• **Problem to solve**
Give again, character for character, the lines that lie between the first line of the material and the line with "メインポケットの両端と前面には、3つのサイドポケットをご用意しました。", inclusive. Omit pictures.

BEGIN Information supplied

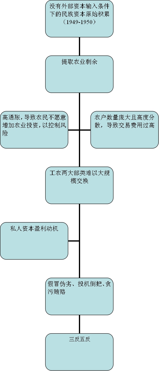 基于上述原因,建国初期,城市支农工业品难以进入农村市场,而当时农民占总人口的80%以上,从而导致城市工业品滞销。城市资本家为了维持经营,不得不采取资本主义原始积累阶段一切肮脏、下流的手段:假冒伪劣、投机倒把、贿赂官员。当时,刚进城的大量共产党“泥腿子”干部都禁不住这糖衣炮弹的进攻,于是,挟革命余威的各地政府发起了以反对国家干部贪污受贿和资本家行贿、偷工减料为主的“三反五反”运动。
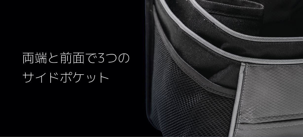 メインポケットの両端と前面には、3つのサイドポケットをご用意しました。
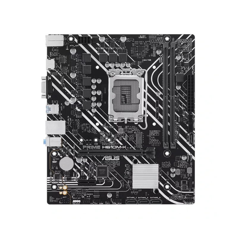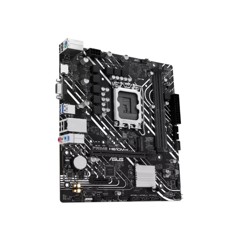 مادربرد ASUS PRIME H610M-K DDR5 یکی از گزینههای مقرونبهصرفه و کارآمد برای ساخت سیستمهای خانگی، اداری و نیمهحرفهای است که از نسل جدید حافظههای DDR5 پشتیبانی میکند. این مادربرد بر اساس چیپست Intel H610 طراحی شده تا عملکردی پایدار و قابلاطمینان در کاربردهای روزمره، گیمینگ سبک و برنامههای اداری ارائه دهد، بدون اینکه از نظر بودجه فشار زیادی به کاربر وارد کند. ترکیب تکنولوژی نوین با طراحی ساده و کاربردی باعث میشود این مادربرد برای کاربران مختلف، از تازهکار تا حرفهای، انتخابی مناسب باشد.
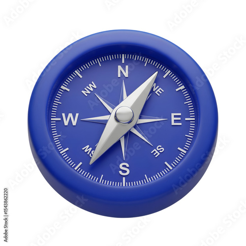 Blue 3D Compass Icon Navigation Tool Isolated on a transparent background direction

END Information supplied

• **Result of the exercise**
 基于上述原因,建国初期,城市支农工业品难以进入农村市场,而当时农民占总人口的80%以上,从而导致城市工业品滞销。城市资本家为了维持经营,不得不采取资本主义原始积累阶段一切肮脏、下流的手段:假冒伪劣、投机倒把、贿赂官员。当时,刚进城的大量共产党“泥腿子”干部都禁不住这糖衣炮弹的进攻,于是,挟革命余威的各地政府发起了以反对国家干部贪污受贿和资本家行贿、偷工减料为主的“三反五反”运动。
 メインポケットの両端と前面には、3つのサイドポケットをご用意しました。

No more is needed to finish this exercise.